Opened Southwest Berkeley

Berkeley shop is just 3rd retail location for North America’s largest e-bike brand

Rad Power Bikes’ cavernous building at 2734 San Pablo Ave. doubles as a showroom and repair shop, with a staff of 25 to keep things running. Credit: Joanne Furio

At Rad Power Bikes, which opened in November on San Pablo Avenue, manager Manny Ruiz says the store’s most popular model, the Rad Runner Plus, is often bought by parents of small children, who want to port their kids around town in the utility bike’s seat attachment, or by people who want to carry groceries in the bike’s basket attachment. 

While some e-bike customers just ride for recreation, many use the two-wheelers — beefier than bicycles and souped up with an electric assist — as an eco-friendly alternative to a car.

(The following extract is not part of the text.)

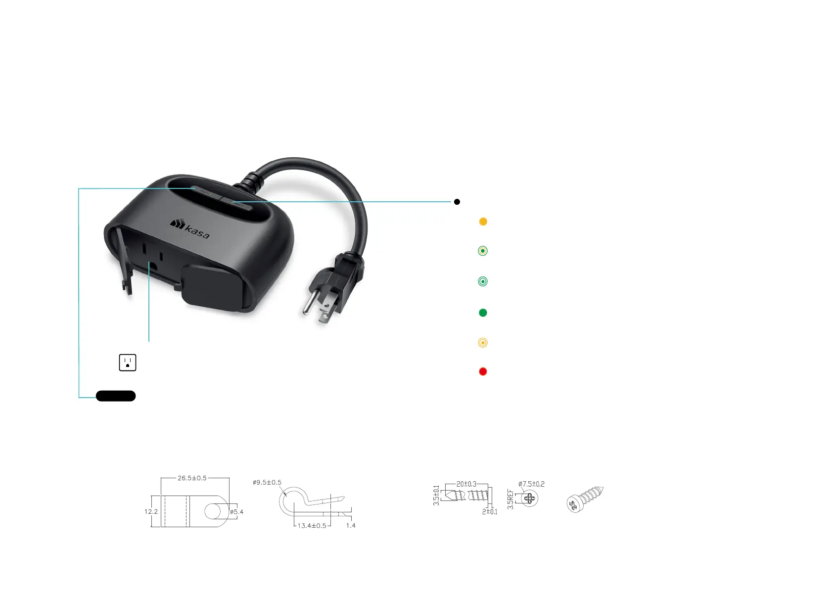 This smart outdoor plug has two control button to turn on or o the plug-in devices and two LEDs to show you the current status of each connected

Not surprisingly, e-bikes have become hugely popular among seniors, the majority of customers at the store the day I visited. 

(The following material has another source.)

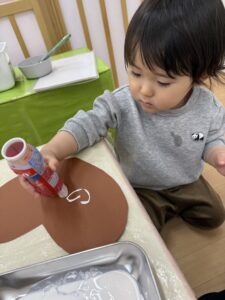 そらぐみ(1歳児)さんで、ハートのチョコにハートスタンプをしました💛

Rad’s cavernous building doubles as a showroom and repair shop, with a staff of 25 to keep things running. Under a tent in the parking lot, customers can sign up for a test drive and tool around in the lot itself or, for the more adventurous, on the street.  

Rad offers 15 types of frames in four categories: utility bikes, which can carry up to 275 pounds; Urban Commuter, more of a traditional bike and the lightest of the models; and the Off Road, modeled after a mountain bike, with larger tires that have more tread and a suspension fork in front. Most models are about the size of a vintage Schwinn or a small motorcycle. Rad bikes can go 20 mph and drive 25 to 50 miles on a single charge.

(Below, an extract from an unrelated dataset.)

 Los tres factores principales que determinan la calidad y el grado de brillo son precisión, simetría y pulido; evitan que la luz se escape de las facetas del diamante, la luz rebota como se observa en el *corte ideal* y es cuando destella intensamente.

Rad is riding a pandemic-fueled trend, in which e-bikes are seen as a safer alternative to public transportation. According to the market research firm NDP Group, e-bike sales grew 145% in 2020. 

Credit: Joanne Furio

Rad Power Bikes was founded by Mike Radenbaugh in 2007, after building his first electric bike to get to and from his high school in Humboldt County. He then partnered with childhood friend Ty Collins in 2015. Since then, as the company website puts it, Rad has been “has been on a wild ride of hypergrowth.” The company first sold online, then opened its headquarters and first bricks-and-mortar showroom in Seattle in 2019, followed by a San Diego location in the spring of 2021 and Berkeley on Nov. 13. Rad is now North America’s largest electric bike brand.

In the parking lot on Dec. 1, Will Roberts, a retired home improvement contractor from Berkeley, was test-driving the Rad City model. A former mountain biker, Roberts used to go on 20-mile trips but now considered going electric because “I am 71 and I don’t feel like riding really far anymore.” 

He considers Rad bikes affordable. He had checked out electric bikes elsewhere that were at least $3,000. Rad bikes range from $999 to $1,999. 

Ultimately, though Roberts considered Rad’s bikes “well designed and well engineered,” he decided they were too heavy to lift onto his bike rack. But he found the staff accommodating: “This was my third day of test drives.”

Rad Power Bikes, 2734 San Pablo Ave., Berkeley, Phone: 510-296-8885. Hours: daily, 10 a.m.-6 p.m. Connect via Facebook, Instagram and Twitter

Opened Southside

So-So Supermarket trafficks in nostalgia for the early 2000s

The theme behind So-So is Y2K nostalgia, even though many of its customers were too young to have experienced it. Credit: Joanne Furio

College towns are usually blessed with an abundance of vintage clothing that is picked through in bricks-and-mortar stores, flea markets or pop-up locations. So-So Supermarket is a hybrid, a storefront with a changing assortment of vendors. This appears to be a model that’s in demand: The shop opened on Sept. 18 and drew lines that snaked around the block. 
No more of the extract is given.